I think the comments by @JohnCampbell and @RonShepard point out the root cause of the issue. The implemented algorithm performs full-row operations in matrix a when swapping rows (a[[i, row_ind]] = a[[row_ind, i]] in Python and the equivalent of a(k, :) = a(i, :) in Fortran). Since Fortran uses column major memory layout (columns are contiguous in memory), this becomes an inefficient operation. However, by default, numpy arrays are row major (order='C', so that rows are contiguous in memory). As n becomes large, the Fortran becomes very cache inefficient, while the Python routine does not suffer from the same issue.
It is, however, very easy to change the memory layout of a numpy array, and you can do this to illustrate the problem, i.e. how fast is the Python routine, if we change the memory layout of a to Fortran order?:
def f_order():
a = np.array([[1 / (i + j - 1) for j in range(1, n + 1)] for i in range(1, n + 1)], order = 'F')
b = np.array([1 / (i + 1) for i in range(1, n + 1)])
xf = gauss(a, b)
return a, b, xf
def c_order():
a = np.array([[1 / (i + j - 1) for j in range(1, n + 1)] for i in range(1, n + 1)])
b = np.array([1 / (i + 1) for i in range(1, n + 1)])
xc = gauss(a, b)
return a, b, xc
print("order='F': ", timeit.timeit(f_order, number=3) / 3)

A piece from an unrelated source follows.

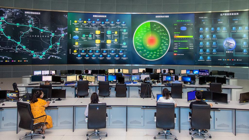2023年12月6日,中國(guó)石油新疆油田公司生產(chǎn)指揮中心的監(jiān)控大屏實(shí)時(shí)顯示油田生產(chǎn)動(dòng)態(tài)數(shù)據(jù)。新華社發(fā)(閔勇 攝)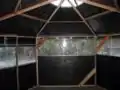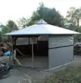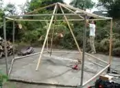 After looking at way too many of other people's roof designs and even building a miniature model I decided on my own creation. I wanted a roof that was all one piece, hence seamless(=rainproof) and it had to be tight fitting so rain wouldn't puddle. This was achieved by cutting out a 20' diameter circle and punching a hole in the very center for the bolt of the apex bracket to fit into. Then I wrestled the beast onto the structure and inserted the bolt into the hole I punched. I then proceeded to staple (use stainless steel staples) the tarp to the vertices. I would pull the tarp tight against the bolt and away from the last vertex to eliminate lateral and vertical slack. I continued around the whole structure, in essence making a cone, until I reached the starting point and had an extra fold of tarp (from all the slack being pulled out elsewhere). I folded this over tightly and marked it so I would know where the fold was when I took it back off to tape (inside and out) the fold closed. I then cut out a hole for my skylight (~3' diam hexagon) and pulled the tarp back off. The fold was taped as well as the border of the skylight with Gorilla tape (like duct tape but much stronger). I also put in 12 grommets along the circumference of the skylight to further tighten the roof cover with rope once it was stapled on. Again I wrestled the tarp back on (it truly is wrestling), stapling it tightly in place. Then I installed hooks on the top side of the rafters and used rope threaded through the grommets and the hooks to tighten the tarp upwards against the eves. Voilá! Done… with the roof that is. I actually also grommeted each vertex pt. on the eve and tightened down in the same manner as the skylight opening, hooks and all.

print("order='C': ", timeit.timeit(c_order, number=3) / 3)
With n=1024 I get:
order='F': 9.011245
order='C': 4.227592
and with n=2048:
order='F': 84.46075615
order='C': 25.5663385
The algorithm you implemented is exactly the same in Python and Fortran, and the algorithm performs full-row operations. If memory layout is row-major, the algorithm is efficient (Python with default or order='C'), however, if the memory layout is column-major, the algorithm is inefficient (Python with order='F', or the default in Fortran).